Conscription
Time Limit: 1000MS		Memory Limit: 65536K
Total Submissions: 24785		Accepted: 8280
Description

Windy has a country, and he wants to build an army to protect his country. He has picked up N girls and M boys and wants to collect them to be his soldiers. To collect a soldier without any privilege, he must pay 10000 RMB. There are some relationships between girls and boys and Windy can use these relationships to reduce his cost. If girl x and boy y have a relationship d and one of them has been collected, Windy can collect the other one with 10000-d RMB. Now given all the relationships between girls and boys, your assignment is to find the least amount of money Windy has to pay.

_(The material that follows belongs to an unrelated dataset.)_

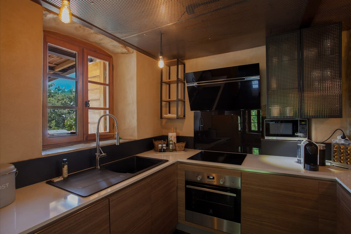 Demeure de charme en pierre de la région entièrement construite par le propriétaire respectueuse de l'environnement entre mer, montagne et piscine (classement 5 étoiles ). A 5 mn des fameuses Gorges de l'Asco, rivière, cascades . A 25 mn des plus belles plages de Balagne, Ostriconi, Lozari. Dans un site préservé, au calme absolu avec une vue superbe .Ce logement est parfait pour une escapade en amoureux avec un accès privatif à la piscine à débordement des propriétaires. Internet fibre

Notice that only one relationship can be used when collecting one soldier.

Input

The first line of input is the number of test case.
The first line of each test case contains three integers, N, M and R.
Then R lines followed, each contains three integers xi, yi and di.
There is a blank line before each test case.

1 ≤ N, M ≤ 10000
0 ≤ R ≤ 50,000
0 ≤ xi < N
0 ≤ yi < M
0 < di < 10000

Output

For each test case output the answer in a single line.

Sample Input

2

5 5 8
4 3 6831
1 3 4583
0 0 6592
0 1 3063
3 3 4975
1 3 2049
4 2 2104
2 2 781

5 5 10
2 4 9820
3 2 6236
3 1 8864
2 4 8326
2 0 5156
2 0 1463
4 1 2439
0 4 4373
3 4 8889
2 4 3133

Sample Output

71071
54223

## 转换为最小生成树问题

AC代码：

#include <iostream>
#include <algorithm>
#include <string.h>
using namespace std;

#define MAXN 10005
typedef long long ll;
struct edge
{
int from, to, cost;
} e[5 * MAXN];

bool cmp(const edge &a, const edge &b)
{
return a.cost < b.cost;
}

int fa[3*MAXN];
int height[3*MAXN];
int n, m, r;

//初始化并查集
void init_ufs(int sz)
{
for (int i = 0; i <= sz; ++i)
fa[i] = i;

memset(height, 0, sizeof(height));
}

int find_set(const int x)
{

if (fa[x] == x)
return x;

fa[x] = find_set(fa[x]);
return fa[x];

}

bool same(const int &a, const int &b)
{
return find_set(a) == find_set(b);
}

void unite(int a, int b)
{
a = find_set(a);
b = find_set(b);
if (a != b)
{
if (height[a] < height[b])
{
fa[a] = b;
}
else
{
fa[b] = a;
if (height[a] == height[b])
++height[a];
}
}
}

int kruskal()
{
sort(e, e + r, cmp);
init_ufs(n+m);

int ans = 0;
for (int i = 0; i < r; ++i)
{
if (!same(e[i].from, e[i].to))
{
//cout<<e[i].from<<" "<<e[i].to<<endl;
unite(e[i].from, e[i].to);
ans += e[i].cost;
}
}
return ans;
}

int main()
{
int t;
scanf("%d", &t);
while (t--)
{
scanf("%d%d%d", &n, &m, &r);
int xi, yi, di;
for (int i = 0; i < r; ++i)
{
scanf("%d%d%d", &xi, &yi, &di);
//e[i] = (edge){xi, yi + n, -di};
e[i].from = xi;
e[i].to = yi+n;
e[i].cost = -di;
}
printf("%lld\n", 10000ll * (m + n) + kruskal());
}
}